Elle peut être aussi une illusion suscitée par le regard d’autrui. La connaissance de soi est difficile selon Freud car il reste toujours une part d’inconscient, mais les pensées de l’autre résistent bien davantage. Pour Merleau-Ponty, on peut compatir aux émotions des autres mais jamais on ne pourra ressentir exactement ce que l’autre éprouve. Il demeure toujours une altérité radicale.
Ainsi, dire d’un suicidé « il avait tout pour être heureux » n’a pas de sens puisque ce serait confondre les conditions du bonheur avec le bonheur lui-même et oublier que le bonheur n’est pas qu’un état mais la représentation de cet état. La première possibilité pour être heureux ne réside-t-elle pas alors dans l’exercice de son jugement ?
3. Le bonheur, proprement humain, s’appuie sur le savoir
A. Le bonheur implique l’exercice du jugement
Info
La conception du bonheur pour le stoïcisme renvoie aussi à l’idée d’ataraxie comme absence de trouble de l’âme et du corps.

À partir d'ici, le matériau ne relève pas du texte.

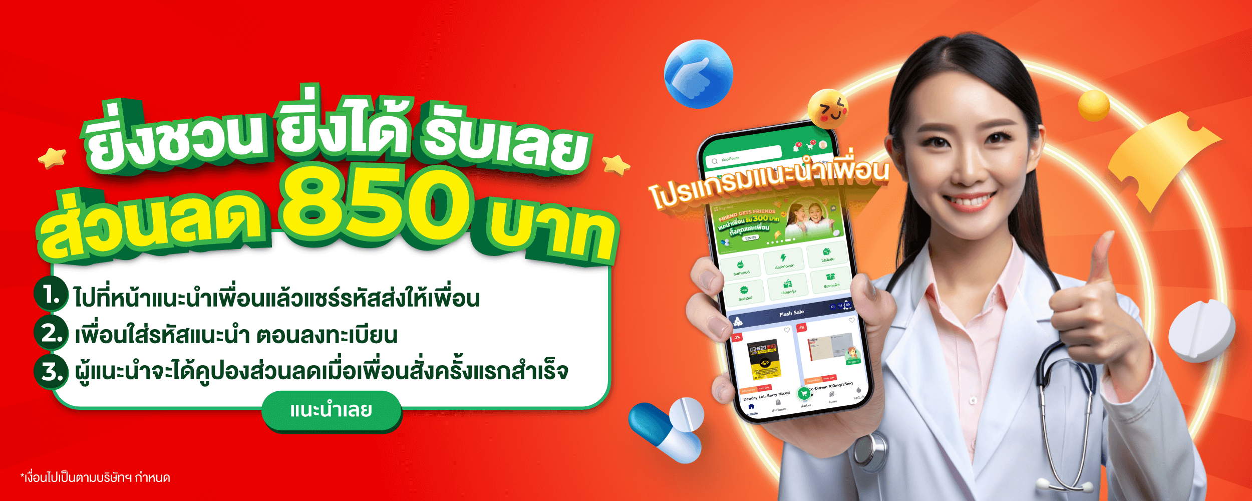 - คำสั่งซื้อแรกของผู้ถูกแนะนำต้องมียอดสั่งซื้อขั้นต่ำ 2,500 บาทต่อบิล จึงจะสามารถใช้ส่วนลดได้

Il y a des événements qui semblent objectivement s’opposer au bonheur : la perte d’un être cher, la perte d’un travail, un problème de santé… Pourtant, malgré ces sources évidentes de souffrance, il est possible de conserver une forme de tranquillité de l’âme. Ainsi, pour le stoïcisme, le bonheur dépend d’abord de notre représentation des événements et de la liberté que l’on conserve par rapport à eux.

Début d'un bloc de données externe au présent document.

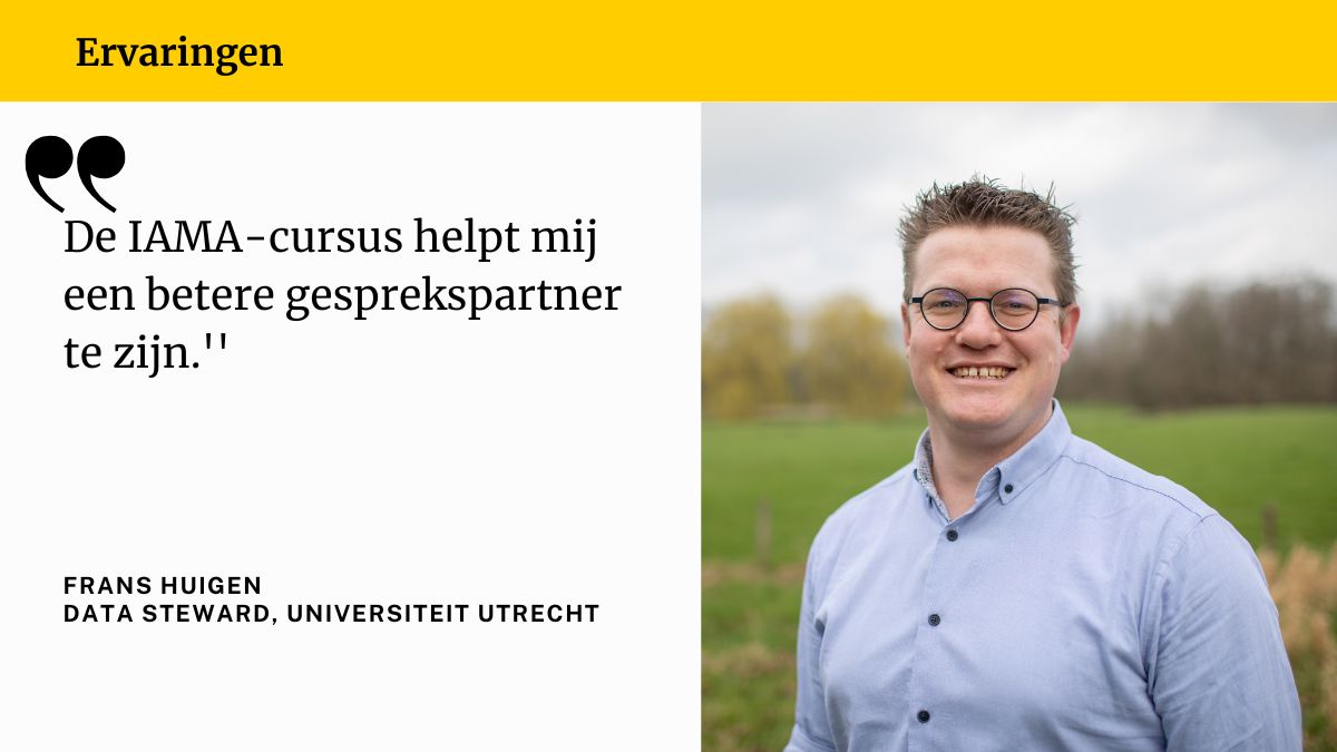 Daar ben ik ruimschoots in bediend, omdat het IAMA meer vraagt dan alleen ‘wat doe je en waarom?’. Het geeft me begrip van bepaalde terminologie in het werkveld en biedt een breder perspectief. De IAMA-cursus helpt mij een betere gesprekspartner te zijn – de onderzoeker bijvoorbeeld blijft de expert, ik help bij de navigatie langs wet- en regelgeving en ethische kwesties.’

Il faut selon Épictète savoir distinguer ce qui dépend de nous de ce qui n’en dépend pas. Il serait vain de vouloir agir sur des lois nécessaires. La liberté ne porte que sur une action possible.

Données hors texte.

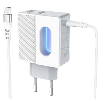 Hoco C75 Imperious dual port charger (Type-C) Input : 100-240V ~50/60Hz Max0.6A Output: 5.0V-2.0A Standard USB interface - Plug and use White Производитель:Hoco Модель:C75 Тип:Сетевой адаптер Количество USB портов:2 Ток заряда:2400мА Прочее:Кабель USB type C Цвет:Белый Размеры:65 x 36 x 25мм Вес:36г
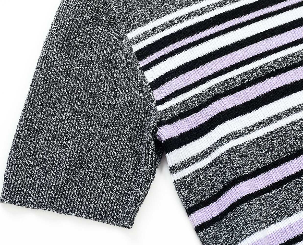 21073 12GG 2/32 100%COTTON WITH 2/70D 100%NYLON LADIES' KNITTED ROUND NECK SHORT SLEEVE 3 COLORS STRIPES PULLOVER

En ce sens, il faut pour être heureux exercer un jugement qui constitue une connaissance du monde extérieur.
B. Le savoir rapproche du bonheur
Le bonheur est aussi lié à la réussite de ses actions. Pour Aristote, il y a tout un cortège de biens qui sont à la fois des plaisirs ponctuels, mais aussi des moyens d’atteindre une autre fin qui leur est supérieure, et cela jusqu’à ce que l’on atteigne le Bien suprême. Le savoir, la connaissance du monde, aide à trouver le bonheur en permettant d’adapter les meilleurs moyens aux fins que l’on se fixe.
Ainsi, on ne peut être heureux sans le savoir au sens où ce savoir aide à se représenter le bonheur mais aussi à l’atteindre.
Conclusion
Il semble, a priori, que l’on puisse être heureux sans le savoir puisque face à des nouveaux malheurs on regrette de ne pas avoir profité d’un bonheur passé. Pourtant, s’il peut y avoir des conditions objectives au bonheur, elles ne se confondent pas avec l’état d’esprit corrélatif au bonheur lui-même.
Dès lors, on ne peut être heureux sans savoir qu’on l’est. On ne peut être heureux également sans un savoir qui permet à la fois d’exercer son jugement pour prendre conscience de son état mais aussi d’un savoir qui est connaissance du monde afin d’adapter au mieux les finalités que l’on se fixe.
Croire que l’on puisse être heureux sans le savoir serait nier la part de désir constitutif de tout sujet particulier.